Which brings us to the main point. Politics is about winning elections, not providing salve for one's conscience or indulging one's self righteousness. For those who say they are sick of politics and want to do what's right and the hell with the politicians, let me put it on a more fundamental level - democracy is about winning elections. If you don't win, forget about your progressive programs. Bernie, for all his good intentions, is not a winner on a national level in this political climate, or, for that matter, perhaps in any likely political environment. Bernie deserves our thanks for highlighting the issues in his program, but the time is not yet ripe for them; perhaps in another generation or even two. Keep in mind that much of what Norman Thomas advocated eventually found its way into law in one form or another through the efforts of more pragmatic politicians and the gradual evolution of concepts of social justice. For the young idealists who are enamored by Bernie Sanders, the person, and his ideas, don't let the perfect destroy the good. In Hillary Clinton there is an attractive alternative. She is someone who in a long public career has demonstrated that she strongly supports the principles that lie behind Bernie Sanders' programs and has a far better chance of moving those principles forward. Democrats are aghast at the Republican's denigration of compromise; yet Sanders' approach is exactly the same. Of course, Sanders' positions are good and those of the Republicans are, quite simply, bad, but there are no points awarded for losing even if you are right, or think you are. We Democrats need someone who can get the best possible deal under all of the circumstances (no, not Donald Trump's deals).
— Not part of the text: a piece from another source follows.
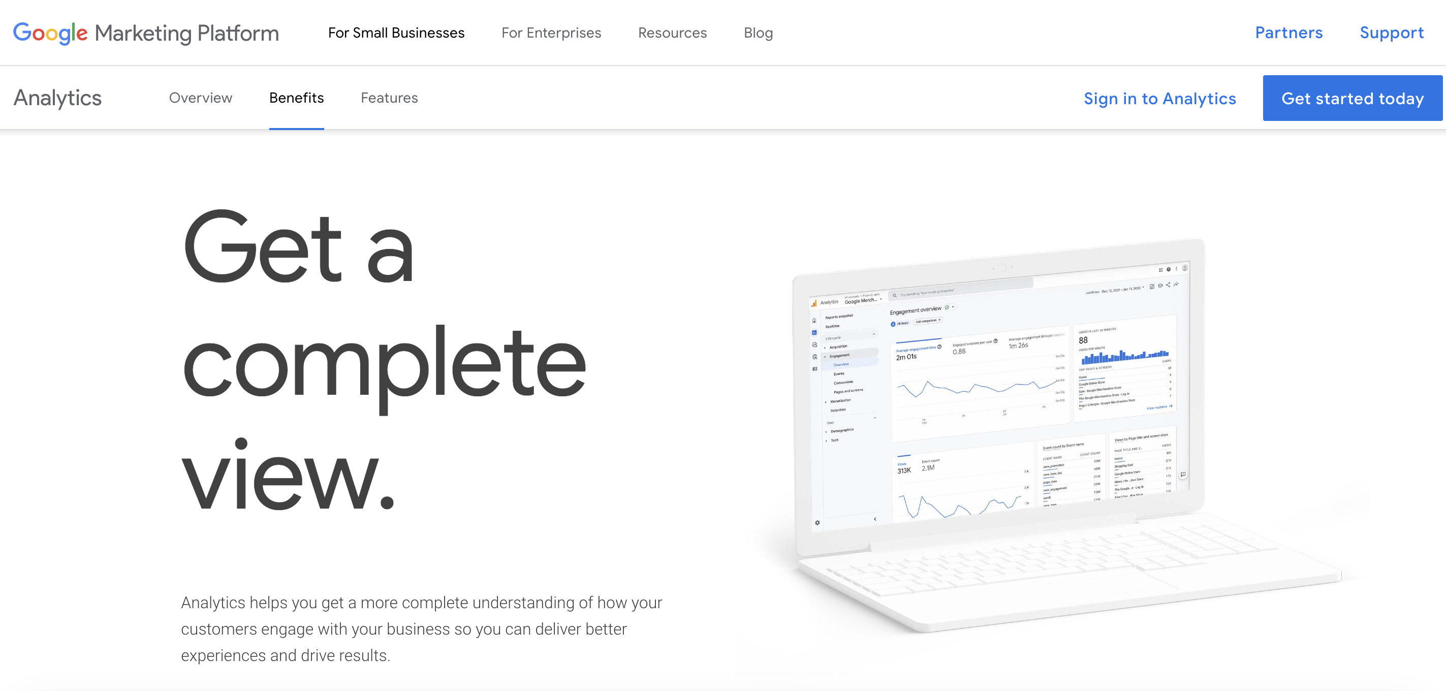 O Google Analytics é um software totalmente gratuito que fornece informações valiosas sobre quem está visitando seu site ou app e como eles interagem com ele. Ele permite que você entenda como seus clientes interagem em seus sites e apps, durante todo o ciclo de vida. Por exemplo, o número de visitantes do seu site por dia, semana, mês ou qualquer período de tempo que você escolher, de onde vêm esses visitantes ou as palavras-chave que as pessoas estão usando no Google para encontrar seu site.
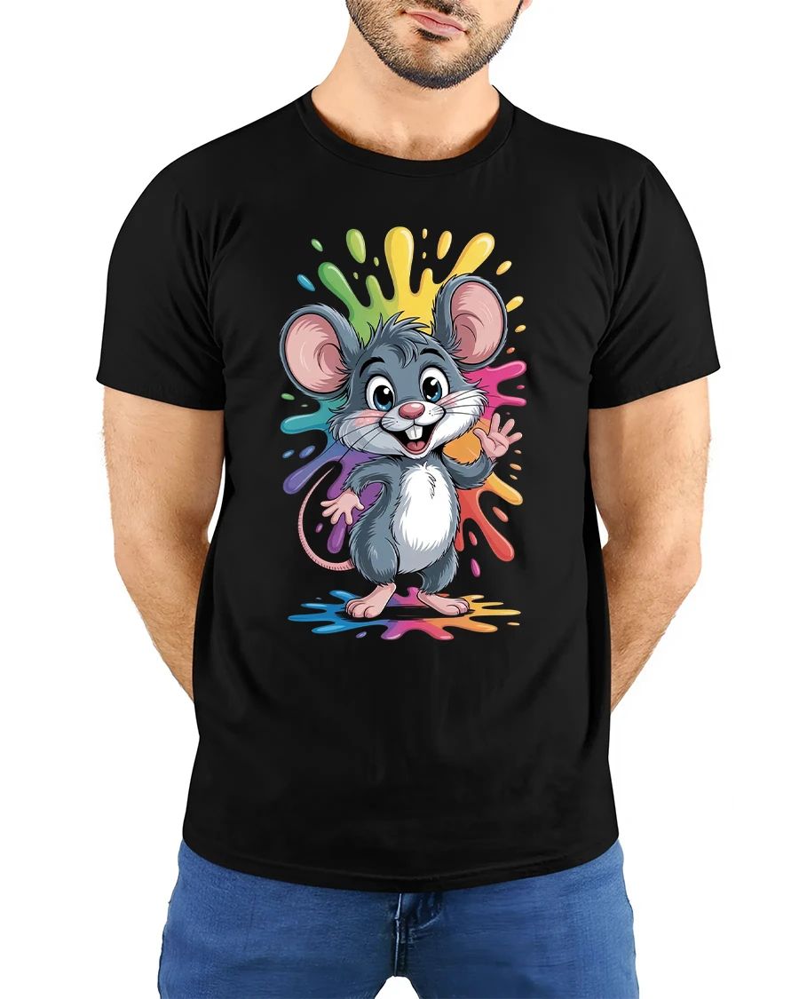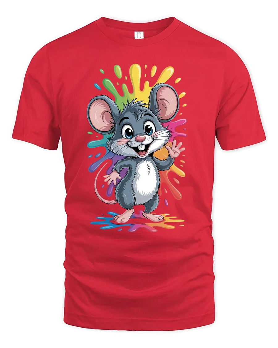 Cute Rainbow Splash Mouse Cartoon Fun Graphic Tee brings cheerful color and adorable character art together in a perfect everyday design. Featuring a happy cartoon mouse standing in front of a vibrant rainbow splash, this tshirt radiates positivity, fun, and pure cuteness. The big expressive eyes, friendly smile, and bright colors make it irresistible for kids, animal lovers, and fans of playful, animated styles.

So how do the Denver Broncos come into the picture? For those who follow professional football and watched the recent Super Bowl, you know outstanding defense can win games even when your team's offense is anemic. And that's where we Democrats are today. Our top priority has to be to protect the gains we've made during the Obama presidency. Unfortunately this is not a time when we can expect to make broad progress on social justice issues. The Republicans are rigidly opposed to such progress and seem to have no shame, much less guilt, to which Democrats can appeal. Sanders wants to institute a single payer health care system. The Republicans are not only opposed, but are determined to eliminate Obamacare which, even if it does not fulfill the ultimate goal, is a vast improvement on the previous system. The Republicans will try to roll back financial and environmental regulations, reduce taxes on the super rich, and not only stifle immigration reform but deport 12 million undocumented residents. With a Republican House assured for the foreseeable future and a Republican Senate again a strong possibility and in any event captive to Republican filibuster, the Democrats' last line of defense is the Presidency. Democrats will have their hands full just trying to maintain the status quo. The upcoming election is all about defending the White House, a la the Denver Broncos. With that in place, a Democratic President can look for opportunities to move the ball forward without Congress, much as Obama has done or tried to do, i.e., environment, immigration, or through compromises with Congress when circumstances permit. The bottom line is that Hillary Clinton is the best defense. You might say she is the Von Miller and the DeMarcus Ware of the Democratic Party all rolled into one.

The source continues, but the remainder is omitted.